The End of Leadership by Kellerman Barbara
Author:Kellerman, Barbara
Language: eng
Format: epub
Publisher: HarperCollins
Published: 2012-04-10T04:00:00+00:00
Chapter 6
Worldwide Momentum—upgrading followers
Whatever the changes at home—the slow but certain deterioration in the status of leaders—they have been superseded by changes abroad. It would be difficult to exaggerate the extent of the differences between what many, if not most, countries in Europe, Asia, Africa, and Latin America were only three or four decades ago, and what they are in the present. Across large swaths of the globe there have been seismic shifts in relations between leaders and followers, with most, though not all, leaving the first weaker and the second stronger. However, unlike the American experience, in which the balance shifted on account of the diminished leader, the balance worldwide shifted on account of the enhanced, and in many cases, the emboldened, follower.
Closing the Black Book of Communism—Russia and China
One of the defining geopolitical trends of the last twenty-five years has been the spread of democracy. In 1975, 30 nations of the world had governments that were popularly elected. By 2005 that number had climbed to 119.1 Since then, the growth of democracy has slowed or stopped in some countries, including Bangladesh, Venezuela, Nigeria, and Philippines. And in others, such as Egypt and Tunisia, it is not so far robust (though in 2011 Tunisia had peaceful free elections).2 Still, conditions conducive to democracy—modernization, for example—are nearly everywhere in evidence, which is why political participation by ordinary people has grown to levels previously inconceivable.3
In some cases, the once powerless wanted equity above all—in South Africa, for example, which in the early 1990s transitioned, finally, from apartheid to majority rule. In other cases, the change from old order to new centered on the disappearing communist dictator. Dictators still exist, of course, but their realm has shrunk in recent years and is shrinking still. Additionally, in place of the dictator in countries such as Russia and China is a leadership cadre that is obliged to consider in its calculations characters that include, among others, the people themselves.

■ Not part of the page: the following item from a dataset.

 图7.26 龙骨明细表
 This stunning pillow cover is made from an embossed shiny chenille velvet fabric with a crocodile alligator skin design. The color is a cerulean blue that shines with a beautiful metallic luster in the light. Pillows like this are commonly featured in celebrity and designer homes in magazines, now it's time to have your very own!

Though estimates vary, under the rule of Joseph Stalin, because of the rule of Joseph Stalin, some 20 million people in the Soviet Union died. And, though estimates vary, the number of Chinese deaths attributed to Mao Zedong during the Great Leap Forward alone, from 1958 to 1962, is generally thought to have been about 45 million, all worked, starved, or beaten to death.4 These sorts of numbers repeat themselves in other former communist countries, which is a testament not only to man’s inhumanity toward man, but to our own vulnerability to being debased or even destroyed by those more powerful than we.5
How did the collapse of communism, the demise of the dictator, come to pass? At the macro level it was a combination of repressed political aspirations, depressed economic conditions, and growing dissent—Participants, Activists, and some brave Diehards, unwilling any longer meekly to follow.6 And, at the micro level, it was a series of events that began with the death of the tyrant (Stalin died in 1953 and Mao in 1976) and extended, first in the Soviet Union and Eastern Europe, then later in China, to gradual, moderate, systemic relaxation.